----- Given data -----

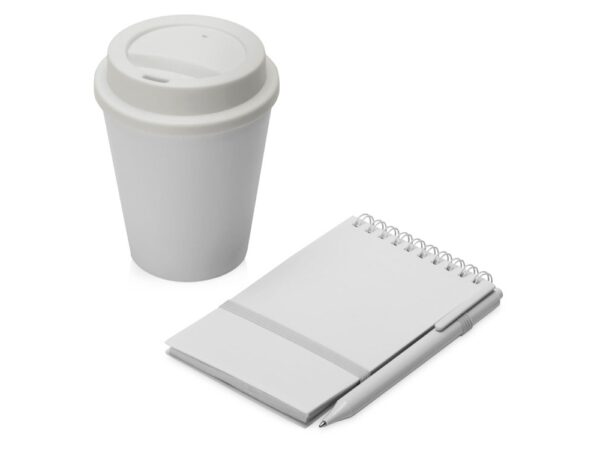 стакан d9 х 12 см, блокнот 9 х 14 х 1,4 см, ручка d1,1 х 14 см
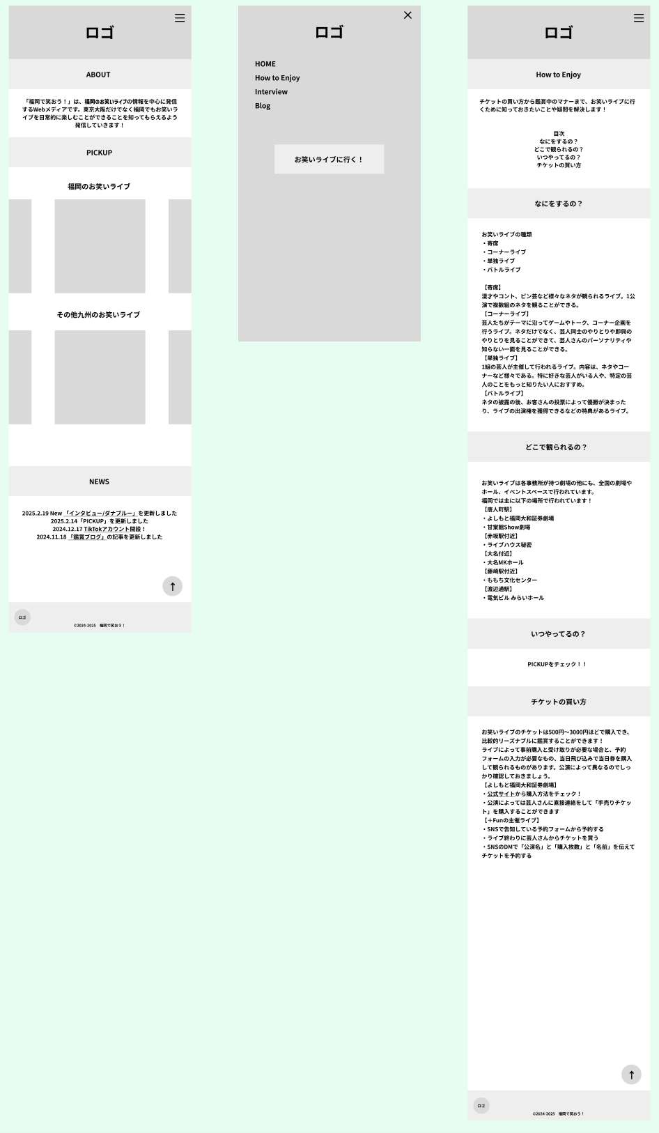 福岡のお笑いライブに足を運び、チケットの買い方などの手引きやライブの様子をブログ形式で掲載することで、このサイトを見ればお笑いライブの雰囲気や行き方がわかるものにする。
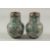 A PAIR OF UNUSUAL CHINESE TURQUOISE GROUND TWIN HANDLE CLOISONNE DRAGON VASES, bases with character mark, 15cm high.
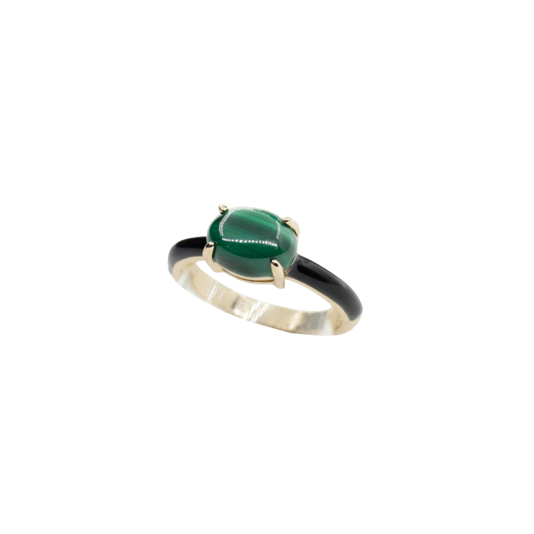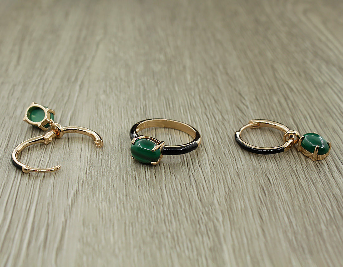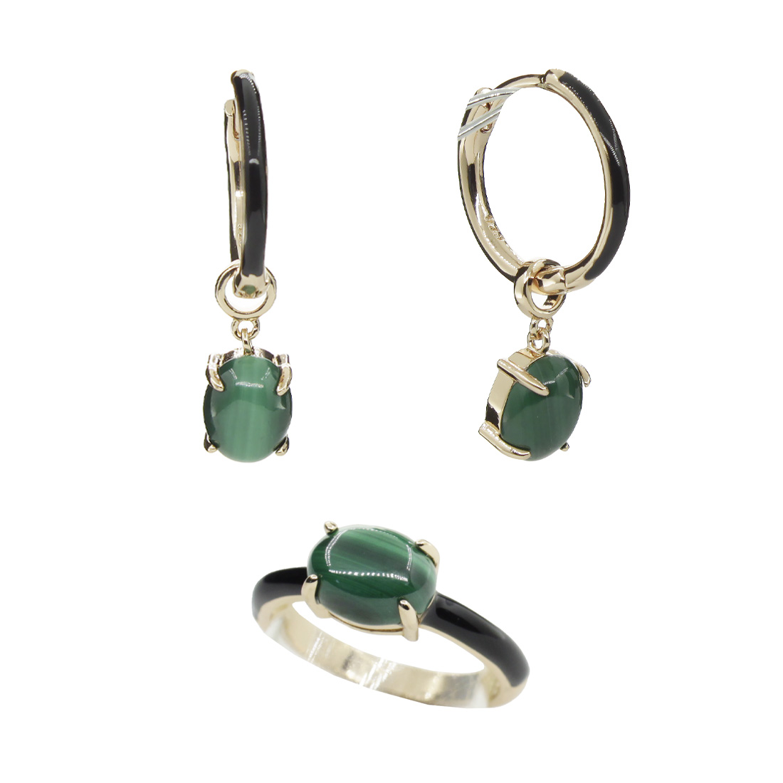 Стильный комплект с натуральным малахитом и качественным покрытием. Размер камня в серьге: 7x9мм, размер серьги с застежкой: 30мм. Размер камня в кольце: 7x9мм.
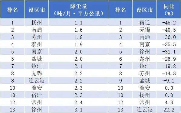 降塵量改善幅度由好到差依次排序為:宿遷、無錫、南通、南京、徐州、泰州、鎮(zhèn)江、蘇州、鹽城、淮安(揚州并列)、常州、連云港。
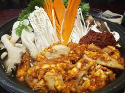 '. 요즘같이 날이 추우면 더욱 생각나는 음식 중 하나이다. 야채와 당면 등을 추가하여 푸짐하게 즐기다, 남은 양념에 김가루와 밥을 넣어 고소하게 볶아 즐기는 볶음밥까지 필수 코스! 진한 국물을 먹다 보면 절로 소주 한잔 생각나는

-----

* **Action item**: No picture is to be included when the lines from the one containing "A PAIR OF UNUSUAL" through the end of the material above are output exactly; nothing else is written.

* **Answer to the exercise**:
 A PAIR OF UNUSUAL CHINESE TURQUOISE GROUND TWIN HANDLE CLOISONNE DRAGON VASES, bases with character mark, 15cm high.
 Стильный комплект с натуральным малахитом и качественным покрытием. Размер камня в серьге: 7x9мм, размер серьги с застежкой: 30мм. Размер камня в кольце: 7x9мм.
 降塵量改善幅度由好到差依次排序為:宿遷、無錫、南通、南京、徐州、泰州、鎮(zhèn)江、蘇州、鹽城、淮安(揚州并列)、常州、連云港。
 '. 요즘같이 날이 추우면 더욱 생각나는 음식 중 하나이다. 야채와 당면 등을 추가하여 푸짐하게 즐기다, 남은 양념에 김가루와 밥을 넣어 고소하게 볶아 즐기는 볶음밥까지 필수 코스! 진한 국물을 먹다 보면 절로 소주 한잔 생각나는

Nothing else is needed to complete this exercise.